The Combs-Diageo dispute is a good reminder to counsel that it is important to understand your client’s goals with each business arrangement and to carefully draft each agreement to meet those goals, i.e. no cookie-cutter drafting.

Instead of including catchall provisions providing for injunctive relief for any breach of the agreement, any carveout for injunctive relief provided in an agreement containing an arbitration provision should be narrowly tailored to only apply in specific scenarios. For instance, the client may want to be able to obtain an injunction if the opposing party violates a confidentiality provision because damages in that case will not be sufficient to remedy the harm.

But for most contract breaches, such as failing to make payment or failing to perform the services contracted for, damages will usually be sufficient to make the client whole. Any injunctive relief obtained in those scenarios is not likely to provide the client with what it really wants — i.e., damages.

At the same time, it opens the client up to the risk of fighting two battles in two separate battlegrounds, with the potential of disparate results — i.e., an injunction preventing the continued breach but no damages or vice-versa.

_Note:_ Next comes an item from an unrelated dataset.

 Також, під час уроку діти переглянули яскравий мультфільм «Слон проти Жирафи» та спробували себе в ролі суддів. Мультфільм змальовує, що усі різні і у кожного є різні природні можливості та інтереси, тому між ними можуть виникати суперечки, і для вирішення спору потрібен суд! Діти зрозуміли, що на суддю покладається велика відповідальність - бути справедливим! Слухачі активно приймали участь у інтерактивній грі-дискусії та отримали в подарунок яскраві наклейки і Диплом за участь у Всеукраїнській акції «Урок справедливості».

To avoid the scary scenario of being forced to proceed both in court and in arbitration for related disputes, be sure to narrowly tailor any carveouts for injunctive relief contained in your client’s arbitration provisions.

[4] Another exception to the arbitrator deciding who is required to arbitrate occurs when there are non-parties to the agreement who are parties to the dispute. When a person who did not sign the agreement is a party to the dispute, a court can compel the non-signing person (called a nonsignatory) to participate in arbitration even if that party objects. There are five traditional theories that courts use to compel nonsignatories to participate in arbitration:

  1. Incorporation by reference;
  2. Assumption;
  3. Agency;
  4. Veil piercing/”alter ego”; and
  5. Estoppel.

Nonsignatories who fit within any one of these five theories are routinely compelled by courts to participate in arbitration of disputes even where they did not directly agree to arbitrate. The question of whether the dispute itself is arbitrable is left for the arbitrator to decide. It is important that parties to an arbitration agreement—and those nonsignatories who assume the rights under an arbitration agreement, are agents of parties to an arbitration agreement, are deemed to be an “alter ego” of a party to an arbitration provision, or benefit from an agreement containing an arbitration clause—are mindful of the language of the arbitration agreement to avoid the scary scenario of being forced to proceed both in court and in arbitration for related disputes.

DISCLAIMER: Because of the generality of this update, the information provided herein may not be applicable in all situations and should not be acted upon without specific legal advice based on particular situations.